Cooling connections 21 of the fuel cell unit 1 are connected to a cooling system to cool the fuel cell unit 1.
FIG. 2 schematically shows an exemplary embodiment of a fuel cell system.
The fuel cell system comprises a fuel cell unit 1 which is coupled on the input side to a hydrogen reservoir 3, from which hydrogen is conducted as fuel into the fuel cell unit 1. The coupling can take place by means of additional components, for example valves.
The fuel cell unit 1 is coupled to a recirculation fan turbocharger assembly 23 which both supplies air to the fuel cell unit 1 and recycles unused hydrogen into the fuel cell unit 1. In the fuel cell unit 1, the reaction of hydrogen and oxygen from the supplied air brings about a conversion of the chemical energy from hydrogen and oxygen into electrical energy, the power output 47 of which is illustrated by an arrow.
The recirculation fan turbocharger assembly 23 comprises a fan 25 which is designed to convey, and in the process compress, a hydrogen containing recycle stream 250, and a compressor 27, which is designed to compress and convey an air stream 270 for the fuel cell unit 1. An electric drive 31 drives the fan 25 and the compressor 27 jointly.
The fan 250 comprises a fan inlet 251, a fan outlet 253 and an impeller 255. The compressor 27 comprises a compressor inlet 271, a compressor outlet 273 and a compressor wheel 275. On the input side, the fuel cell unit 1 is coupled to the compressor outlet 273, via which compressed air is supplied, and the fan outlet 253, via which unused hydrogen is made available again.

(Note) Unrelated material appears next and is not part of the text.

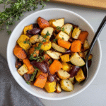 - In a large mixing bowl, toss the chopped vegetables with olive oil, salt, black pepper, rosemary, and thyme until well coated.
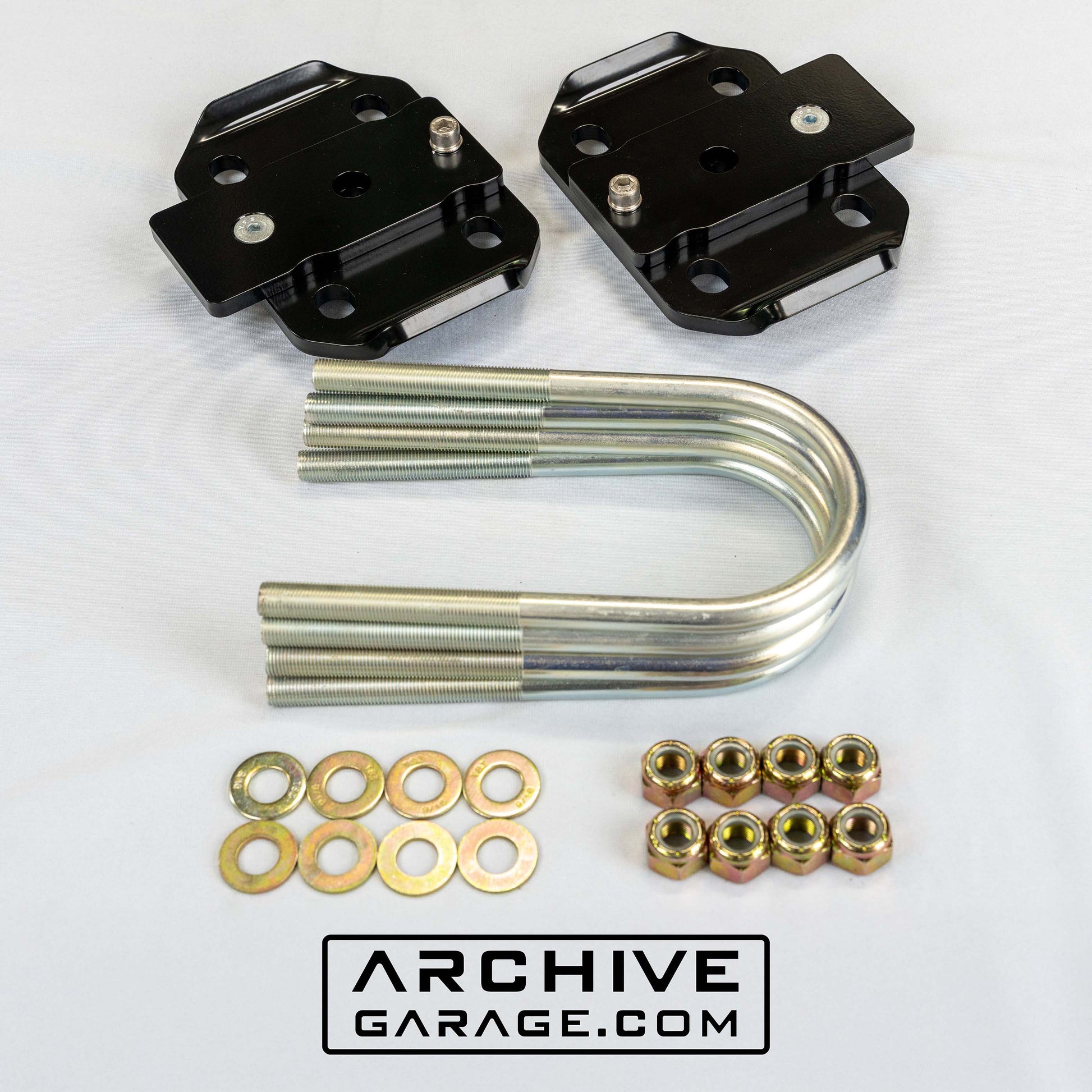 Archive's Stealth HD U-bolt flip kit fits stock 60mm (2.375") to 2.5" wide springs max, bolts are kept tight to pack to prevent your leaves from rotating out of alignment.

On the output side, the fuel cell unit 1 is coupled to the fan inlet 251 so that unused hydrogen flows out of the fuel cell unit 1 into the fan 25. Air is guided to the compressor 27 via the compressor inlet 271.

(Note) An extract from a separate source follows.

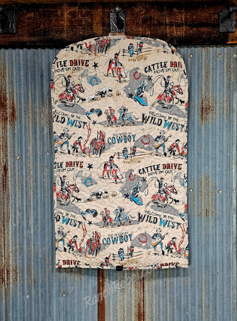 A quilted fabric garment bag in a linen color with a retro cowboy & cattle drive pattern. It has a full zip front with a cut out top for hangers & a nylon loop at the bottom for folding in half & looping through the hanger tops. The interior fabric is a cream & denim stripe pattern.

The housing of the recirculation fan turbocharger assembly 23 comprises a fan housing and a compressor housing which are designed in such a way that the hydrogen containing recycle stream 250 and the air stream 270 flow through the housing spatially separately from one another, without mixing.
The electric drive 31 is coupled between the fan 25 and the compressor 27 and comprises an electric motor 33 which drives both the compressor wheel 275 in the compressor 27 and the impeller 255 in the fan 25 so that air is conveyed to the fuel cell unit 1, and hydrogen is conveyed back to the fuel cell unit 1. The electric motor 33 can be in the form of a three phase permanent magnet motor. A control circuit 35 controls the electric motor 33 and is coupled to an electrical supply 49. The power supply of the electric motor 33 also takes place via the control circuit 35.
FIG. 3 schematically shows a rotor from the recirculation fan turbocharger assembly 23 from FIG. 2 . The rotor comprises the rotatable components of the recirculation fan turbocharger assembly 23.
The rotor comprises the impeller 255 and the compressor wheel 275, which are coupled to one another in a rotationally fixed manner by means of a shaft 37. The shaft 37 is driven by the electric motor 33 and held by bearings 39. The electric motor 33 is arranged between the impeller 255 and the compressor wheel 275. The electric motor 33 is coupled to the shaft 37 so that the shaft can be driven by the electric motor 33. The impeller 255 and the compressor wheel 275 rotate at the same speed. However, because these have different designs, in particular different sizes, the performances thereof can be different and adapted to the operating requirements.
FIG. 4 schematically shows another exemplary embodiment of a fuel cell system.
The fuel cell system comprises a fuel cell unit 1 which is coupled on the input side to a hydrogen reservoir 3, from which hydrogen is conducted as fuel into the fuel cell unit 1.
The fuel cell unit 1 is coupled to a recirculation fan turbocharger assembly 23 which both supplies compressed air to the fuel cell unit 1 and conveys unused hydrogen back into the fuel cell unit 1. A fuel cell exhaust gas stream 290 substantially comprising water vapor, but also oxygen, is guided through the recirculation fan turbocharger assembly 23 in order to drive the air supply and hydrogen recycling. A hydrogen containing recycle stream 250, which is also provided on the output side of the fuel cell unit 1, is conveyed by the recirculation fan turbocharger assembly 23 back to the input of the fuel cell unit 1.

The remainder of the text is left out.